### [WHAT THE TASK ASKS]
In the entries below, find the line containing "林女士告诉FM全媒体《维权超" and the line containing "首先院长陈万球教授从学院基本". Copy those two lines and everything between them exactly, and only that.

### [TASK INPUTS]
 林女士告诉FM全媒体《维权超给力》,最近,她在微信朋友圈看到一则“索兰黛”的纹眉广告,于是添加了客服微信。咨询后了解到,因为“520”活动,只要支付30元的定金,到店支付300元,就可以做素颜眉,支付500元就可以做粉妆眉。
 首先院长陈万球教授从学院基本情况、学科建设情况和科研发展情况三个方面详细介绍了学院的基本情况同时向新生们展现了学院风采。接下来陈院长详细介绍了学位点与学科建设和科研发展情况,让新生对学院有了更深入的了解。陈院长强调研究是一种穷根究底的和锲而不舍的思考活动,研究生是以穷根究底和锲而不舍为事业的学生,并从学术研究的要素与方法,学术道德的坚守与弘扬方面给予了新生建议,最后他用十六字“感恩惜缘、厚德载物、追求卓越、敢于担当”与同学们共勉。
* * *
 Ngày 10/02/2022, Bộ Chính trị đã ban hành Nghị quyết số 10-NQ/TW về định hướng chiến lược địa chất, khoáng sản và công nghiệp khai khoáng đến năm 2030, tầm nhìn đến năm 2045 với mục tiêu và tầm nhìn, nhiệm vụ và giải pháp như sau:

### [WORKED SOLUTION]
 林女士告诉FM全媒体《维权超给力》,最近,她在微信朋友圈看到一则“索兰黛”的纹眉广告,于是添加了客服微信。咨询后了解到,因为“520”活动,只要支付30元的定金,到店支付300元,就可以做素颜眉,支付500元就可以做粉妆眉。
 首先院长陈万球教授从学院基本情况、学科建设情况和科研发展情况三个方面详细介绍了学院的基本情况同时向新生们展现了学院风采。接下来陈院长详细介绍了学位点与学科建设和科研发展情况,让新生对学院有了更深入的了解。陈院长强调研究是一种穷根究底的和锲而不舍的思考活动,研究生是以穷根究底和锲而不舍为事业的学生,并从学术研究的要素与方法,学术道德的坚守与弘扬方面给予了新生建议,最后他用十六字“感恩惜缘、厚德载物、追求卓越、敢于担当”与同学们共勉。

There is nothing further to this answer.